A sudden distaste for the entire inside of his house seized Ebenezer. He turned and wandered back down the little dark yard, looking up at the high field of the stars, with only his dim eyes.

"There must be quite a little to know about them," he thought, "if anybody was enough interested."

Then he remembered Simeon and Abel, and laughed again in his way.

"I done the town a good turn for once, didn't I?" he thought; "I've fixed folks so's they can't spend their money fool!"

Two steps from Ebenezer's front gate, Simeon and Abel overtook a woman. She had a long shawl over her head, and she was humming some faint air of her own making.

"Coming to the meeting, Mary?" Simeon asked as they passed her.

"No," said Mary Chavah, "I started for it.
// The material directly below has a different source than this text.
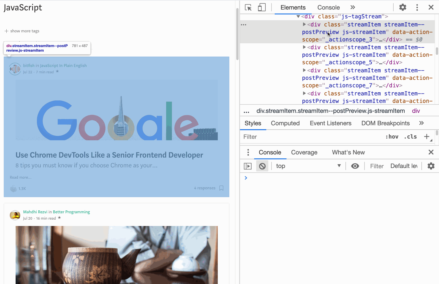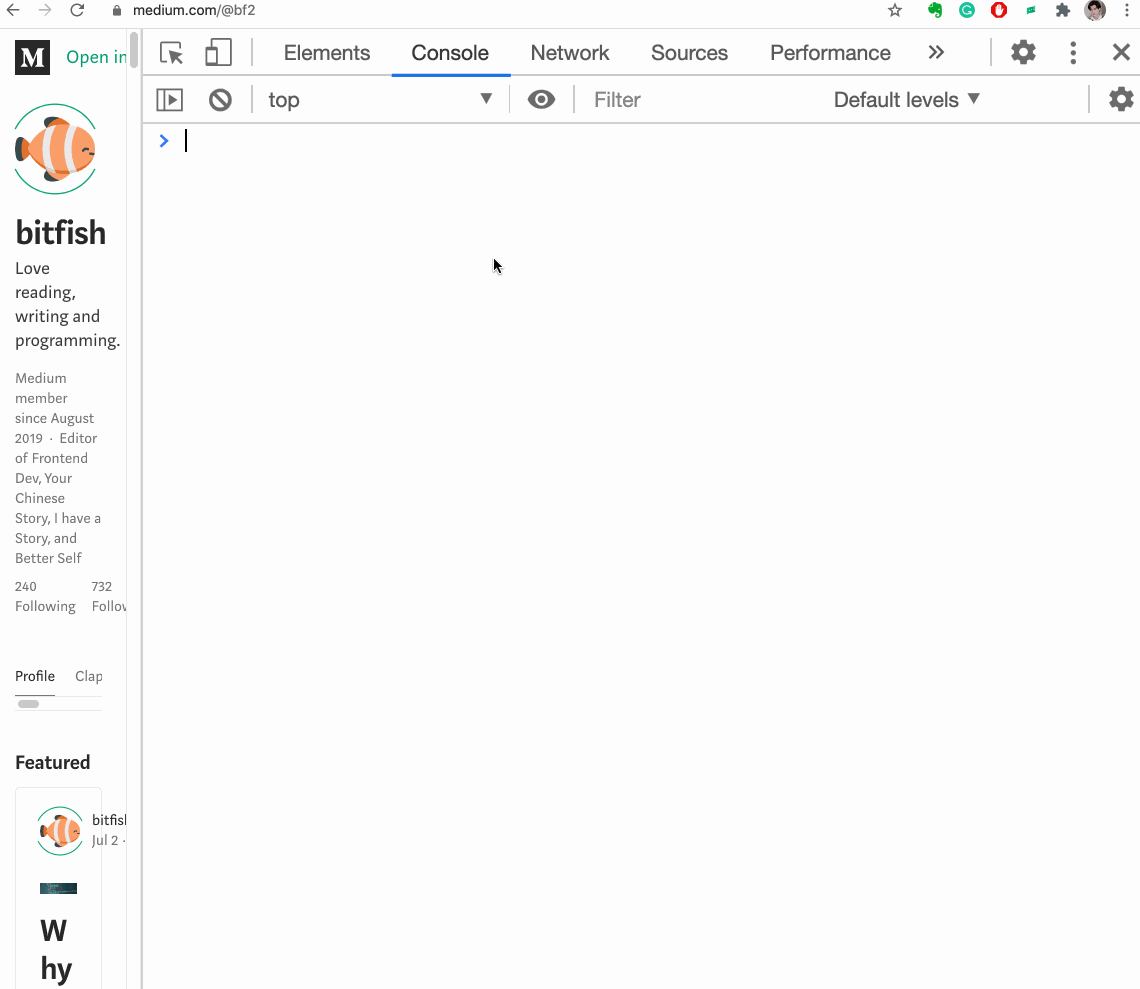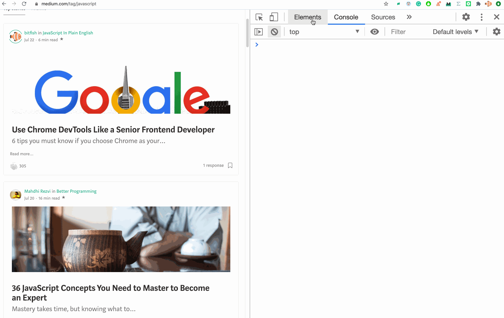 자, 어떠한 페이지도 좋다. 난 미디엄의 자바스크립트 페이지를 열어보겠다.
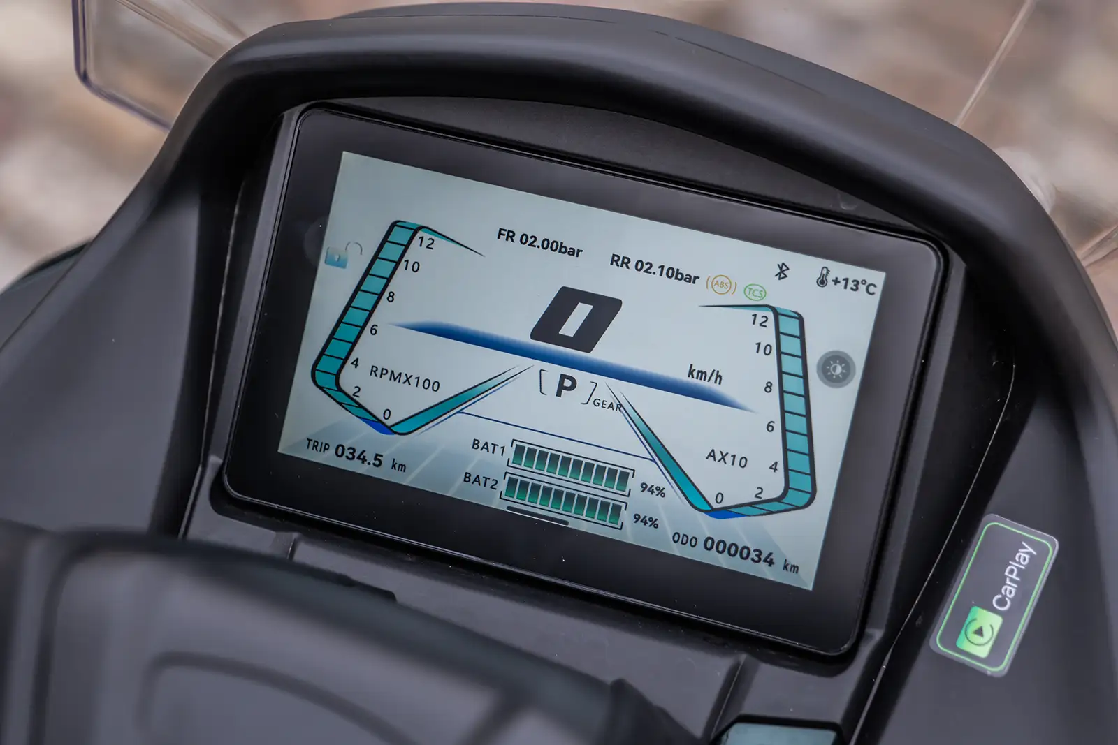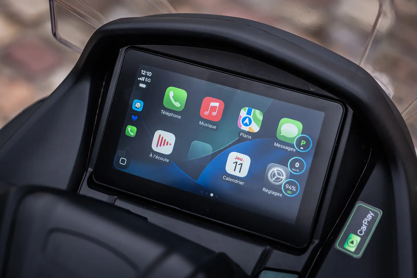 Autre point fort de ce scooter, le tableau de bord tactile TFT lisible et ultra complet intégrant Apple CarPlay et Android Auto sans fil. Un équipement de série qui change tout pour avoir accès en un instant aux applications du téléphone ou à Waze qui, à notre avis, est le plus pratique. Une fois testé, on ne comprend pas pourquoi les marques de deux-roues n’implémentent pas ce système systématiquement sur leur modèle !

But it's such a nice night I'm going to walk around."

"Things are going to go your way to that meeting, I guess," said Simeon; "ain't you always found fault with Christmas?"

"They's a lot o' nonsense about it," Mary assented; "I don't ever bother myself much with it. Why?"

"I donno but we'll all come round to your way of thinking to-night," said Simeon.

"For just this year!" Abel Ames called back, as they went on.

"You can't do much else, I guess," said Mary. "Everybody dips Christmas up out of their pocketbooks, and if there ain't nothing there, they can't dip."

The men laughed with her, and went on down the long street toward the town. Mary followed slowly, under the yellowing elms that made great golden shades for the dim post lamps. And high at the far end of the street down which they went, hung the blue arc light before the Town Hall, center to the constellation of the home lights and the shop lights and the street lights, all near neighbours to the stream and sweep of the stars hanging a little higher and shining as by one sun.